### Work request:
Take the listing below and print exactly the lines starting at the line containing "75 Ejemplos De" and ending at the line containing "右手に、カリッカリに仕上がってるチキンソテー。", both ends included, and no others.

### Data for this task:
BEGIN

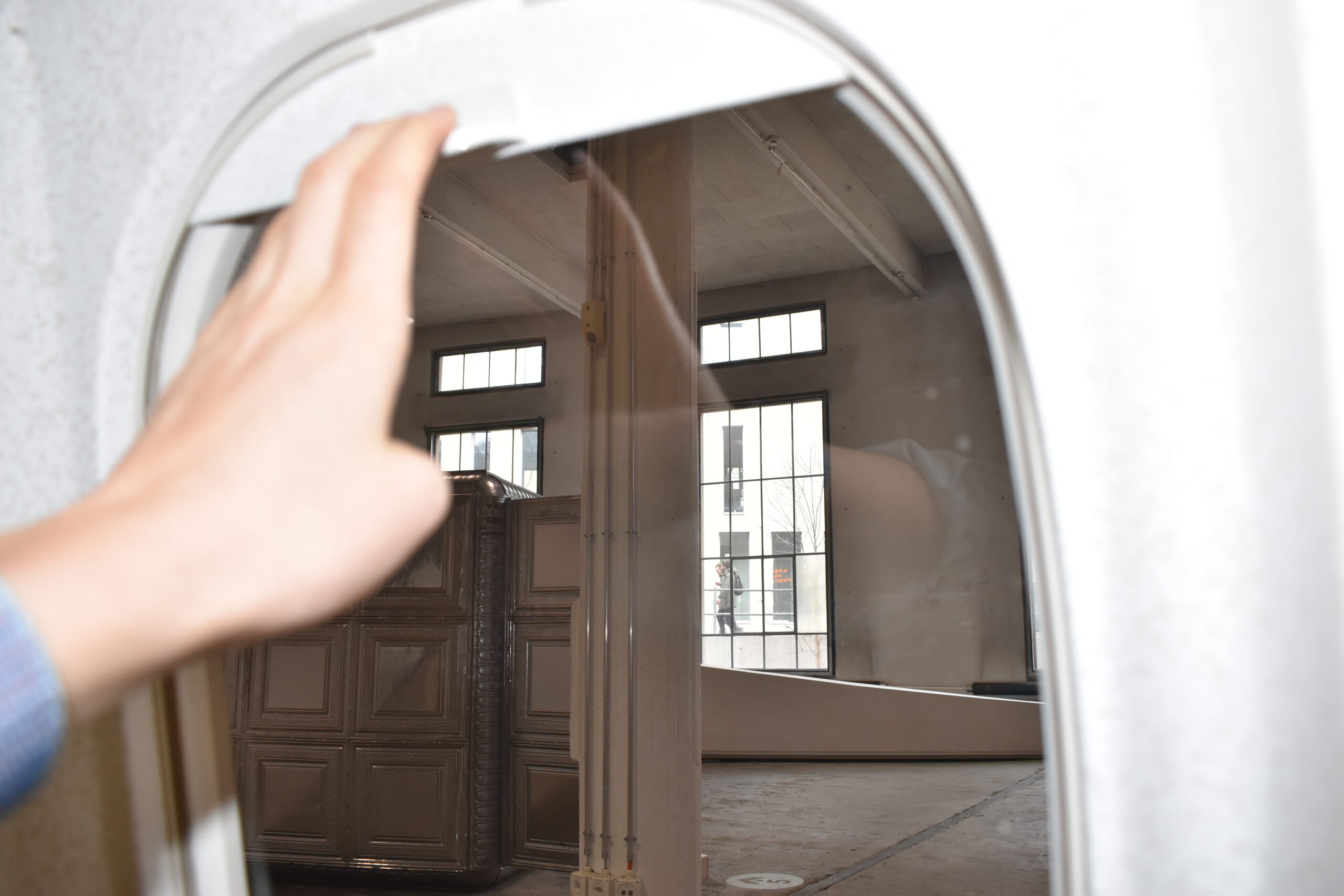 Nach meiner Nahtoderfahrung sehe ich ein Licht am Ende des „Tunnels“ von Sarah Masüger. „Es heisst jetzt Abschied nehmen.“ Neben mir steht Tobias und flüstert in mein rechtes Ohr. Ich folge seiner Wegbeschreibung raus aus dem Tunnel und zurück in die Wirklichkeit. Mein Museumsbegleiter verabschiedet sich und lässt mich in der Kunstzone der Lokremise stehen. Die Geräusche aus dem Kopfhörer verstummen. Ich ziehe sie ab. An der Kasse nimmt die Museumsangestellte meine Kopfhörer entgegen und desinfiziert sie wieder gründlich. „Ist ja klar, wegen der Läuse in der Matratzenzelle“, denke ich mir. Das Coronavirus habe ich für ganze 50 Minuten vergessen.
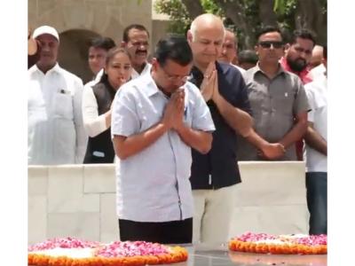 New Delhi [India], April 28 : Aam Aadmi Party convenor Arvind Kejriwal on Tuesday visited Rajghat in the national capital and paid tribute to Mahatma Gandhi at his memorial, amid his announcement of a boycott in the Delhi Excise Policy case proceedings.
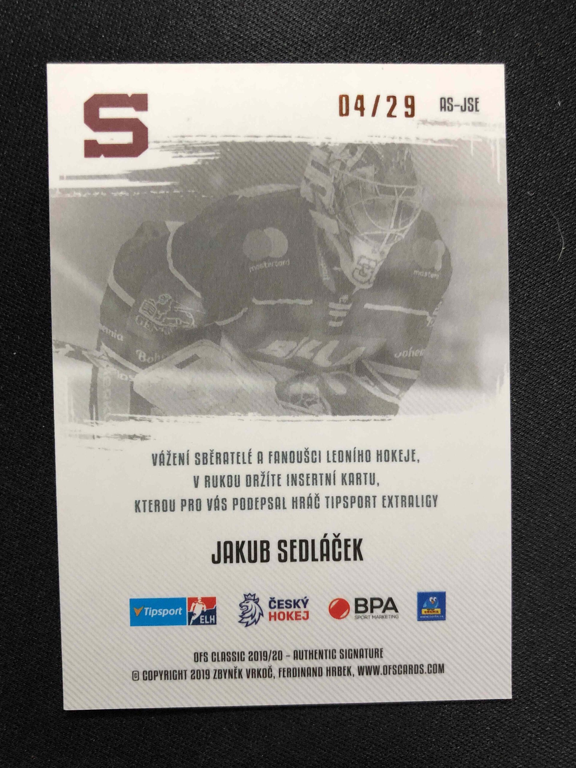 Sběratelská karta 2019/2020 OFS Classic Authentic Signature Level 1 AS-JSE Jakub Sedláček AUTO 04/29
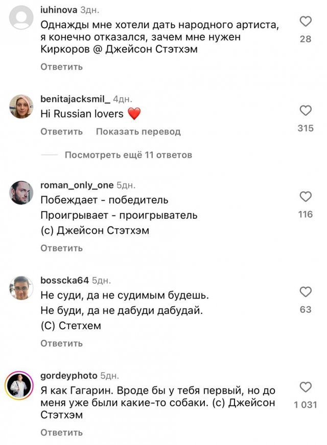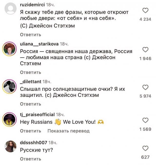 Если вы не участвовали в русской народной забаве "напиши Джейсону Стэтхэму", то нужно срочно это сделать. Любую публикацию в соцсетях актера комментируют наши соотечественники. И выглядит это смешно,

END
BEGIN

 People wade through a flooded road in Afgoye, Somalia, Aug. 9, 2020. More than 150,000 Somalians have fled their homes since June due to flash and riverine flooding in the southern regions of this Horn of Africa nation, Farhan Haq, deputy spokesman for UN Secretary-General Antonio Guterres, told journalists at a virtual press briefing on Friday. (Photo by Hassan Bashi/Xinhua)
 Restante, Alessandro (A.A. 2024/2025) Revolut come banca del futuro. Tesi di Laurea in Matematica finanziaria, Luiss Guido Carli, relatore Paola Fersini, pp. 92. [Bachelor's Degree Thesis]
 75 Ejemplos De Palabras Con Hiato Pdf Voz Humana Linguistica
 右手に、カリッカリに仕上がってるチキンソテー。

END

### Expected output:
 75 Ejemplos De Palabras Con Hiato Pdf Voz Humana Linguistica
 右手に、カリッカリに仕上がってるチキンソテー。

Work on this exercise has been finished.